- **Exercise directions**
Strip the pictures and reproduce the rest of the listing exactly.

- **Available data**
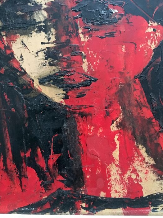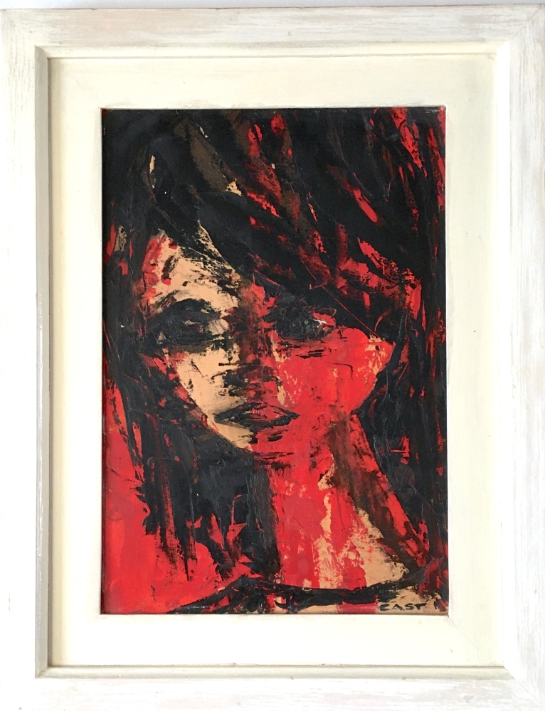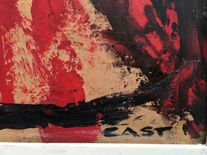 Schilderij olie op paneel gesigneerd rechts onder CAST (pseudoniem van Mia Casteleyn). Cast: schilder, graficus, tekenares van de Schelde, platteland, figuren en dieren. Werkte bij H. Van Coppenolle, L. Deroeck en Jack Goderis. Weinig dieren zijn aan haar scherpe waarneming en olijke aandacht ontsnapt: trefzekerheid en met tederheid. Bron: Arto. Afmetingen: 22cm x 39cm, met lijst 41cm x 52cm.
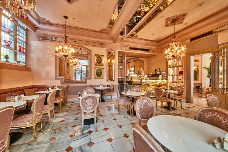 130 yıllık tarihiyle misafirlerini ufak bir yolculuğa çıkaran, Beyoğlu’nun kalbi Pera Palace Hotel’in tam kalbinde Patisserie de Pera… 2013 yılında, ‘dekorasyon kraliçesi’ olarak bilinen Anouska Hempel tarafından yeniden tasarlanan Patisserie de Pera’ya, -Lebon, Markiz, Nisuaz derken pek çok pastanenin güzel anılarda ve hikâyelerde kaldığı günümüzde- sıkı sıkıya sarılıyoruz. El yapımı çikolataları, özgün Fransız pastaları ve birbirinden özel lezzetleriyle köklü geçmişini ve değerlerini günümüzde de yaşatmaya devam eden Patisserie de Pera, tarihi içinde barındıran, pastel tonları, son derece şık sunumları, çekirdekleri yeni çekilmiş taptaze kahve kokusuyla misafirlerine eşsiz lezzetlerle dolu, masalsı bir atmosfer sunuyor.
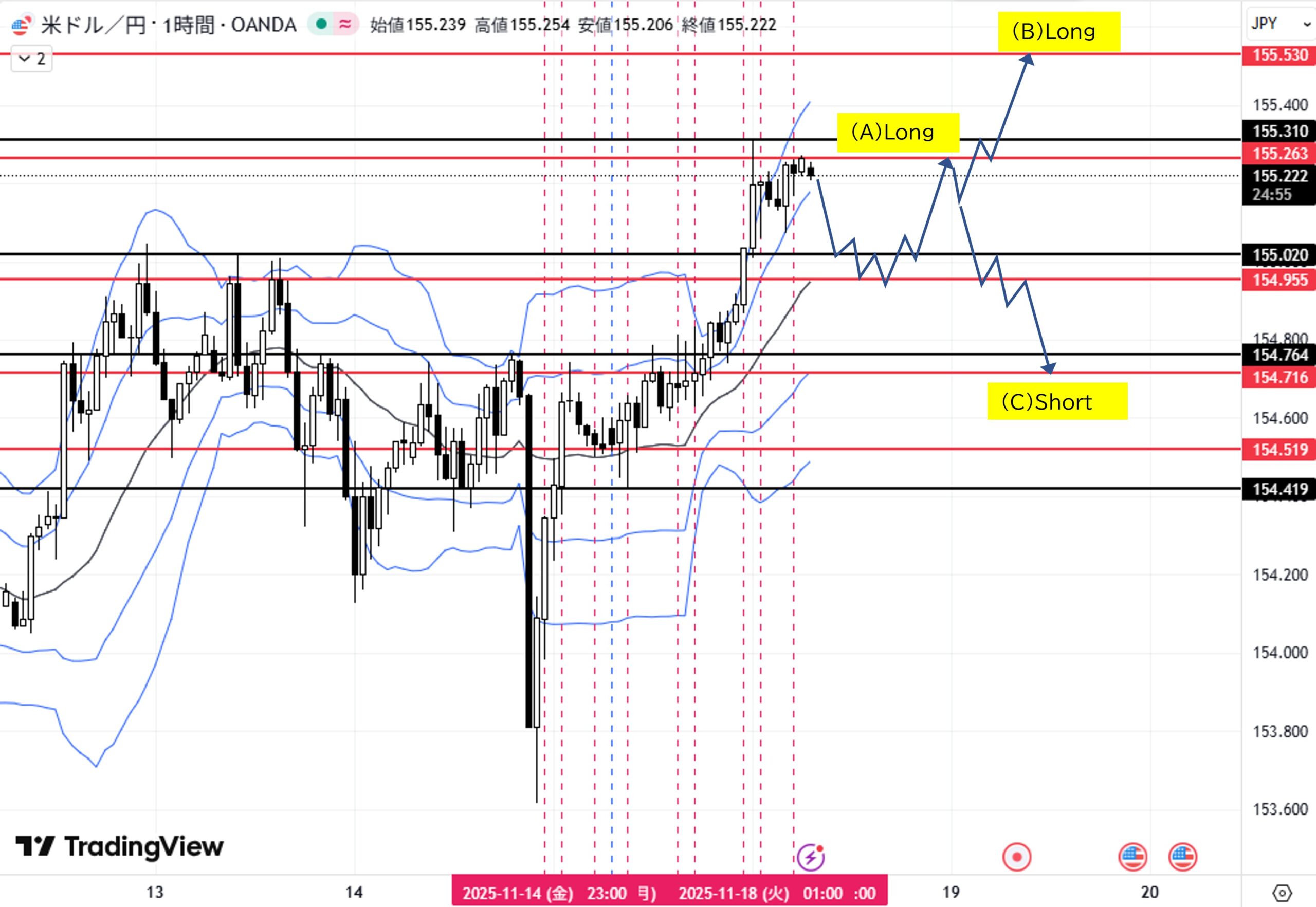 (C) (A)後、4H足レンジ高値154.955をダウ下落→目標1H足押し安値154.716

- **Exercise response**
 Schilderij olie op paneel gesigneerd rechts onder CAST (pseudoniem van Mia Casteleyn). Cast: schilder, graficus, tekenares van de Schelde, platteland, figuren en dieren. Werkte bij H. Van Coppenolle, L. Deroeck en Jack Goderis. Weinig dieren zijn aan haar scherpe waarneming en olijke aandacht ontsnapt: trefzekerheid en met tederheid. Bron: Arto. Afmetingen: 22cm x 39cm, met lijst 41cm x 52cm.
 130 yıllık tarihiyle misafirlerini ufak bir yolculuğa çıkaran, Beyoğlu’nun kalbi Pera Palace Hotel’in tam kalbinde Patisserie de Pera… 2013 yılında, ‘dekorasyon kraliçesi’ olarak bilinen Anouska Hempel tarafından yeniden tasarlanan Patisserie de Pera’ya, -Lebon, Markiz, Nisuaz derken pek çok pastanenin güzel anılarda ve hikâyelerde kaldığı günümüzde- sıkı sıkıya sarılıyoruz. El yapımı çikolataları, özgün Fransız pastaları ve birbirinden özel lezzetleriyle köklü geçmişini ve değerlerini günümüzde de yaşatmaya devam eden Patisserie de Pera, tarihi içinde barındıran, pastel tonları, son derece şık sunumları, çekirdekleri yeni çekilmiş taptaze kahve kokusuyla misafirlerine eşsiz lezzetlerle dolu, masalsı bir atmosfer sunuyor.
 (C) (A)後、4H足レンジ高値154.955をダウ下落→目標1H足押し安値154.716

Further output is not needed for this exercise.